I just installed 49 sticks of corner bead made by Clark Dietrich in a 55 sheet basement. They went on just fine but as I started the double coat I started seeing some blistering...thought "dang was I that careless?" Then as I see more and more of it I can see that the blistering runs consistently in a line from one end of the stick to the other and it's between the bead and the outer edge of the metal flange. It's also on only one side of the stick. Looks to me like a manufacturing defect.

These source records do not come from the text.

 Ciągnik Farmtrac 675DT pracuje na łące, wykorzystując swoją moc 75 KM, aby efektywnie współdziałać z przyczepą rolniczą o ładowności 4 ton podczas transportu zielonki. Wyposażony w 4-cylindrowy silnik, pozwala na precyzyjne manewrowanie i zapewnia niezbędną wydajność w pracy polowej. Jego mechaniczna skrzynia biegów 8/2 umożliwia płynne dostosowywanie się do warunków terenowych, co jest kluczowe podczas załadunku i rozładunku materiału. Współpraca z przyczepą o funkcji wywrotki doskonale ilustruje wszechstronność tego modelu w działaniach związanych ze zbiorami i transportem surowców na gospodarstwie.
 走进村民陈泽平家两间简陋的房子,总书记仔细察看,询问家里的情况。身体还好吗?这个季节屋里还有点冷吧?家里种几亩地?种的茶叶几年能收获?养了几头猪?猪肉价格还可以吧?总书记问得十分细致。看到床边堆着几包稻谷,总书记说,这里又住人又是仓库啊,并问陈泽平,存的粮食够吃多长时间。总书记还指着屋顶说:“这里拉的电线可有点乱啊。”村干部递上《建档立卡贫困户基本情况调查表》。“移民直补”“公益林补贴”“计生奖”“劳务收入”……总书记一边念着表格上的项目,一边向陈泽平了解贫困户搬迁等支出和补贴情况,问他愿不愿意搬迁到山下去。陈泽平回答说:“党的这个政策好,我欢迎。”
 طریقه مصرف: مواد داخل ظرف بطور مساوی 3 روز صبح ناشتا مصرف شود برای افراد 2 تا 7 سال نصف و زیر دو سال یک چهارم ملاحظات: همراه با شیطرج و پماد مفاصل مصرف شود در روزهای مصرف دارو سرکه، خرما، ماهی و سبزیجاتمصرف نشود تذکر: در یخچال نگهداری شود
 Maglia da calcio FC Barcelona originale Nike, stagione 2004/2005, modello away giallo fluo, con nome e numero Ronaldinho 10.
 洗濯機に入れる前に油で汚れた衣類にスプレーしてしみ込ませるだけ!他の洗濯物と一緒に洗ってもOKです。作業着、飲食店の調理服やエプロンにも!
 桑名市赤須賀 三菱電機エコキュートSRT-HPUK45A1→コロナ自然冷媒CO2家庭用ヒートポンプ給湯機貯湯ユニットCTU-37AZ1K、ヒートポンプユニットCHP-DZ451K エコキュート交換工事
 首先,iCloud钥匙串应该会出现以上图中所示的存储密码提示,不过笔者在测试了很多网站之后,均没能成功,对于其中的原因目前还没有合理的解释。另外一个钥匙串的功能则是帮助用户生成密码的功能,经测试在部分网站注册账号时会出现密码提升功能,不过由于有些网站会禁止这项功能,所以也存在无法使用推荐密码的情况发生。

On the Home Depot web site a couple people have commented the same problem on the product page. I'm going to try to get Home Depot to refund the cost of the metal. Though it will be a lot of work my plan is to cut down the center of the blisters, peal it back enough to get some mud in there and wipe it back down. The thought of replacing all that metal is just too much to consider. I'm curious if any of you have seen this before?


----------



## gopherstateguy (Apr 8, 2012)

Not a fan of that bead. I ran into that when installing a few sticks by hand with thicker mud, but not to that extent. Luckily, I caught it before I coated it. Never ran into any issues using taping mud thinned down with a hopper. Definitely prefer USG B1 super wide.


----------



## picks drywall (Apr 13, 2021)

still a metal guy here. always will be.


----------



## endo_alley (Nov 2, 2013)

It may have been left out in the rain during shipping or storage. Getting that stuff wet for very long ruins it. At this stage, maybe paint a couple coats of DRAWTITE or GARDZ over it.


----------



## Yunggranmassa (Oct 9, 2021)

I have never heard of that bead. Paper faced metal bead from the drywall supply is all I will run. The box store stuff is worthless. I know there are easier options, but the finished result never disappoints & nothing else looks as good. However it is relentlessly unforgiving to any mistakes, so don't make any & owning a hopper will help some of that.


----------